In January 2023, Shyriaiev was appointed, first as commander of the 226th Battalion and in February as commander of the 225th battalion of the 127th Territorial Defense Brigade. In early March, the battalion was transferred to the 56th Separate Motorized Infantry Brigade and moved to the Bakhmut area, where the unit fought against the PMC Wagner. Under his command, the battalion was engaged in the defense near Bakhmut, Donetsk Oblast, and was later integrated into the Ground Forces as the 225th Separate Assault Battalion (SAB) in July 2023. Shyriaiev, call sign Sirko, led his battalion in several strategic operations across different fronts, including battles near Makiivka, Luhansk region, in the Kupiansk–Lyman direction and near Horlivka. Under Shyriaiev's command, the 225th SAB took part in the Battle of Chasiv Yar in 2024. In August 2024, the unit advanced into Kursk Oblast of the Russian Federation and captured major territory. Shyriaiev's 225th regiment was among the first units to have entered Kursk. This was the first ground invasion of Russia by a foreign power since World War II. Shyriaiev developed an armoured combat suit to protect troops from drone attacks led by Russian troops. The suit uses a combination of kevlar and other materials that have the ability to absorb the impact of shrapnel, which has become the main battlefield threat because of the proliferation of drones.
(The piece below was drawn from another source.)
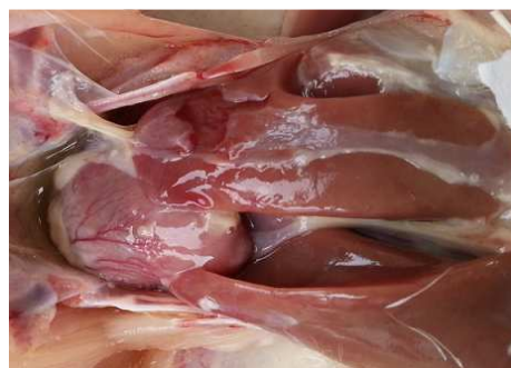
d. Pleural effusion, pericarditis and mild perihepatitis

In February 2025, the 225th SAB was reorganized into the 225th Separate Assault Regiment (SAR) of the Ground Forces of the Armed Forces of Ukraine. Shyriaiev was appointed as the regimental commander.

In May 2025, a British drone, StormShroud air system, went into operation to disrupt enemy radar at long range and allow combat jets to attack targets unseen. Ukraine has sent drone instructors to Britain to teach both Ukrainian and British soldiers how to defend against unmanned air vehicles.

===Kursk operation===
Since August 6, 2024, the 225th Separate Assault Battalion has been participating in battles in the Kursk region, Russia.

===Clashes with North Korean soldiers===
In early February 2025, the first combat clashes between the 225th SAR under the command of Shyriaiev and the North Korean army in the Kursk region took place. According to Shyriaiev in a commentary to CNN, as of the second half of March 2025, the 225th SAR in the Kursk region had a "normal tactical position."

===Allegations of shooting retreating soldiers===
On 30 July 2026, Ukrainian investigative outlet Texty reported that they had received a voice message from members of the 225th SAR, in which Shyriaiev allegedly ordered the shooting of retreating troops in a voice message to the unit during the Kursk campaign, stating that "There is only a specific request over the radio: 'permission to move.' Everything else is the enemy. Anything that's moving is the enemy. Anyone fleeing their positions is a deserter — and they're the enemy too. Stick to this rule." In response, Shyriaiev claimed that he was referring to Russian infiltrators disguised as Ukrainian soldiers.

==Awards and recognition==
Shyriaiev was awarded the Hero of Ukraine title and Gold Star in recognition of his contributions during the Russian invasion of Ukraine. He also received the Order for Courage (3rd class) in 2022, the Order of Bohdan Khmelnytsky (3rd class) in 2023, and the Order of Danylo Halytsky in 2024.

Additionally, he has received the Medal For Military Service to Ukraine, an award from the President of Ukraine. He also received the Jubilee Medal (“25 Years of Ukraine's Independence”) and The Cross of Honor medal of the Ministry of Defense of Ukraine in 2024.